Hurteau et al. studies supported the use of tamoxifen showing a 17% response rate in
measurable recurrent disease, 13% response rate in platinum resistant disease, observed
stable disease in 38% of patients lasting a median of 3 months (Hatch, et al).
- The use of tamoxifen treatment as a control arm for isolated CA-125 is thus justified
based on a favorable toxicity profile compared with available cytotoxic agents and the
lack of interference with subsequent interventions beyond documentation of clinical
progression (Marckman, et al). As patients have until today no benefit to introduce a
new chemotherapy regimen for isolated elevated CA-125 (Rustin et al 2010), exploring new
anti-angiogenic agent could be clinically relevant. Agents that inhibit tumor
angiogenesis and invasion were considered to be ideal candidates for the experimental
arm given their potential to prolong the duration of disease-free survival while
exhibiting a more favorable toxicity profile than cytotoxic drugs.

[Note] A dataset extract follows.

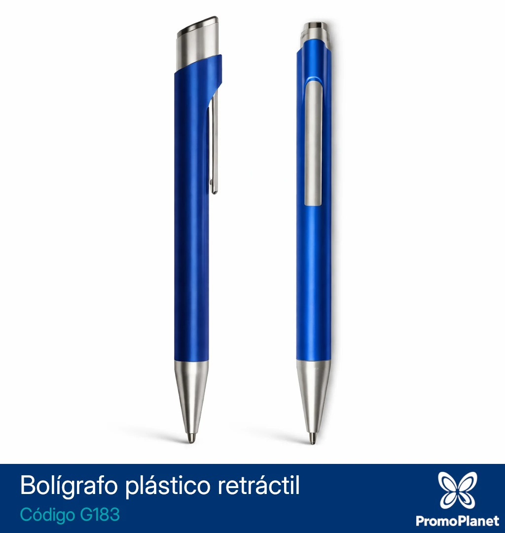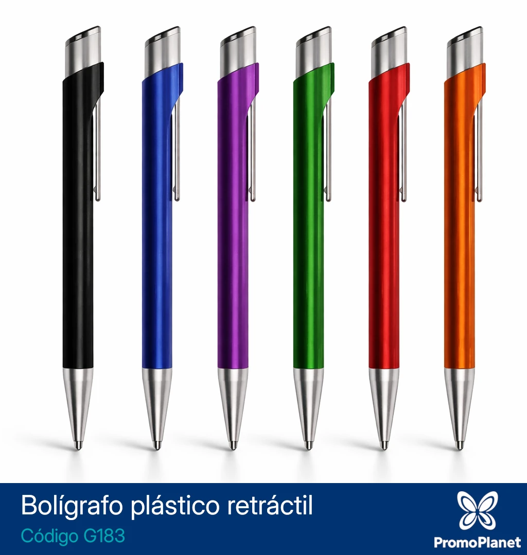 El bolígrafo G183 es retráctil y está fabricado en plástico, con cuerpo en colores variados.

- Pazopanib and other multi-kinase inhibitors such as cediranib, nintenanib reported
activity in relapsing ovarian cancer (sensitive or resistant population) used alone in
several phase II trials (Matulonis et al., Ledermann et al., and Friedlander et al.).
- Regorafenib is a new oral multi-kinase inhibitor. It inhibits kinases involved in
angiogenesis (VEGFR 1-3, TIE 2), signaling in the tumor microenvironment (PDGFR-β, FGFR)
and oncogenesis (KIT, RET and BRAF). Inhibition of tumor growth and formation of
metastases were shown in vivo. Tumor activity has been reported in a variety of tumor
types. Regorafenib is approved in Europe for the treatment of metastatic colorectal
cancer in patients previously treated with, or who are not considered candidates for,
available therapies. An application for GIST progressing after imatinib and sunitinib
has obtained the AMM in Europe. The recommended dose is 160 mg taken once daily for 3
weeks followed by 1 week off therapy.
The objective of this randomized phase II is to evaluate the benefit of regorafenib for
ovarian patients who reported a confirmed elevated CA-125 level under surveillance or
bevacizumab, compared with tamoxifen.